Per quanto gli anni del berlusconismo e della comunicazione asservita al mercato abbiano quasi completamente eliminato dai mezzi di comunicazione di massa una visione lucida e critica dei cambiamenti che avvengono nella società civile, la scuola rimane il luogo privilegiato per un'educazione alla destrutturazione di essenzialismi e stereotipi. Essa si pone come luogo vivo di confronto tra corpi in crescita, segnati dalla differenza, di genere ma non solo, che possano mettere in essere modalità di relazione e di comunicazione non violenta.

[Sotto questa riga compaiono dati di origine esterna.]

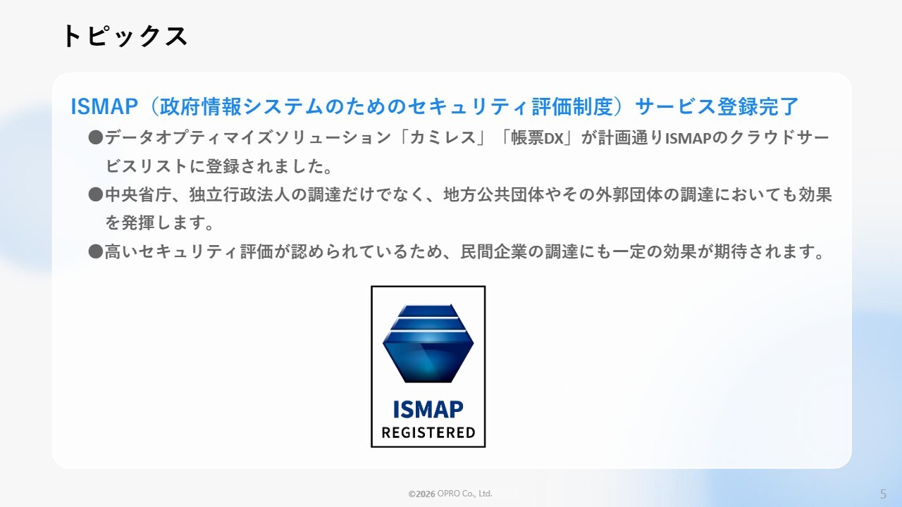 トピックスです。2025年11月期の目標として掲げていた政府情報システムのためのセキュリティ評価制度であるISMAPへの登録は、おかげさまで無事完了しました。
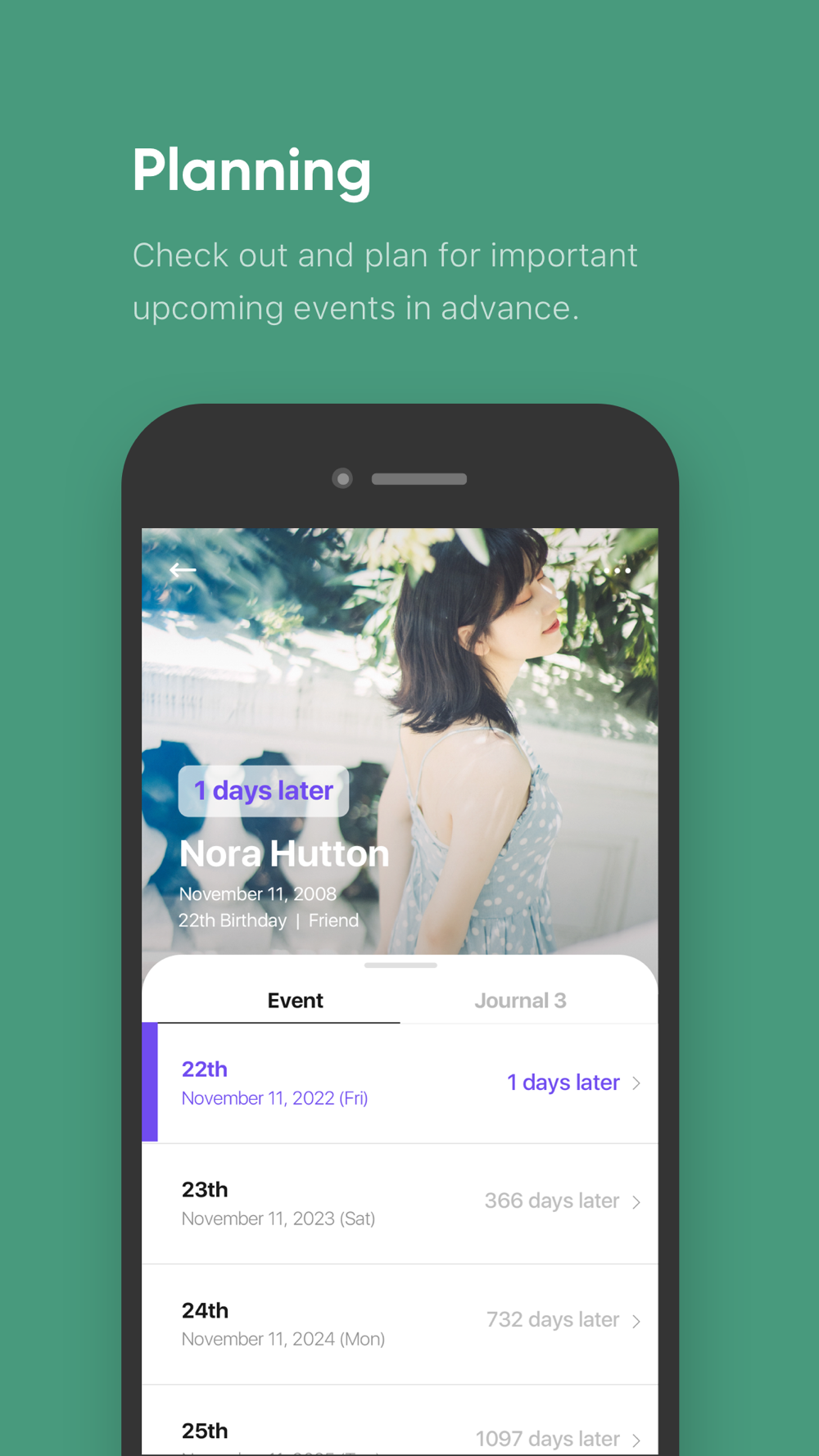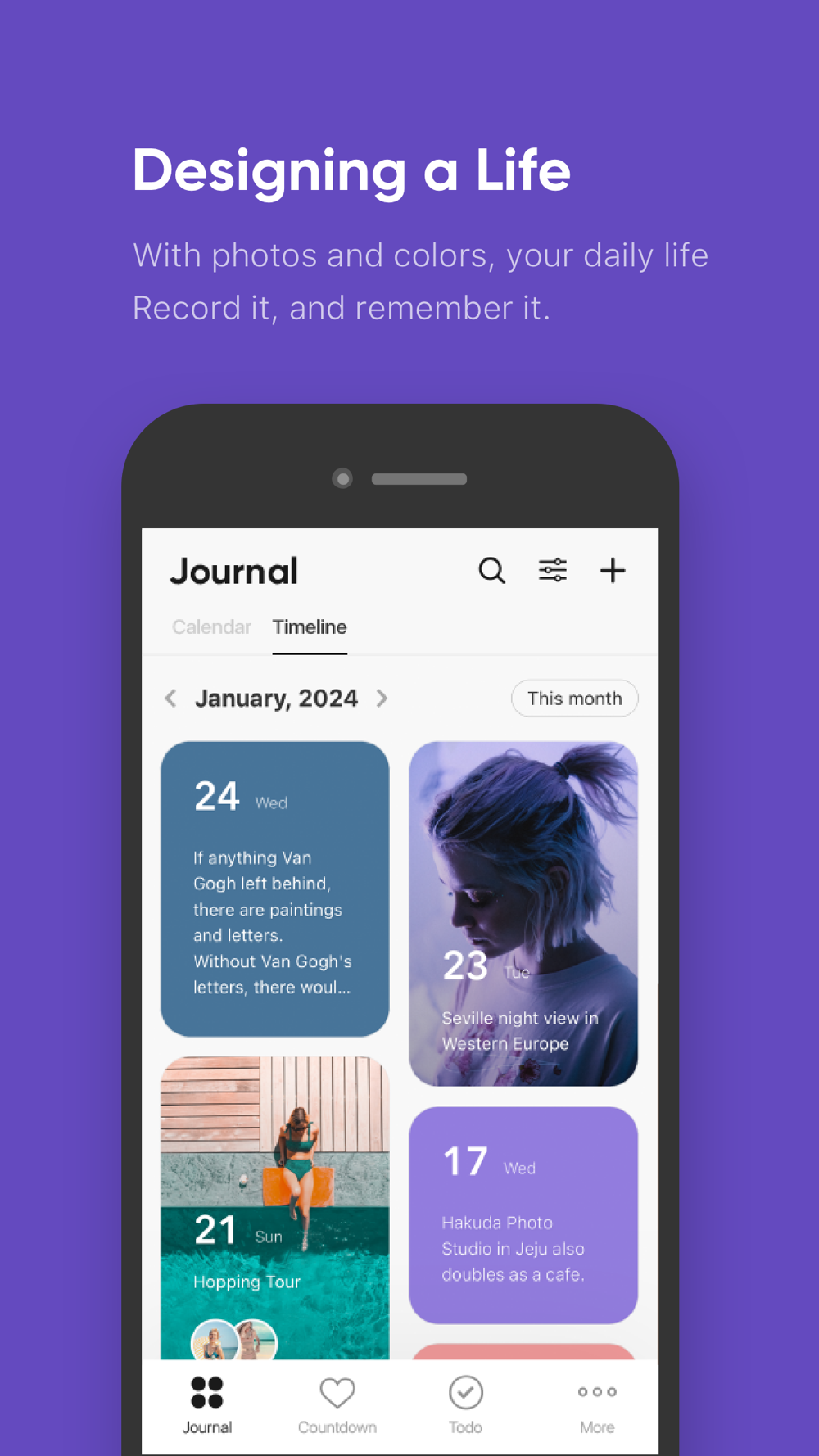 You can see important memories and emotions of this month at a glance through the calendar view and timeline view. And, since you can link journals to events, it is convenient to recall memories for each event.

Sviluppo di competenze di vita, le life-skills, e progetti formativi su relazioni e sessualità che siano condivisi fra studenti, insegnanti e genitori, come “W l'amore”, finanziato dalla Regione Emilia Romagna (XV Programma Prevenzione e lotta all'AIDS) e sviluppato in collaborazione con l'Università di Bologna e gli Spazi Giovani delle Aziende Sanitarie di Bologna, Forlì, Reggio-Emilia e ora di tutta la regione, sono alla base di una nuova consapevolezza di ragazze e ragazzi verso il rispetto di sé e dell'altro (Marmocchi, Raffuzzi, 2000; Marmocchi, 2012).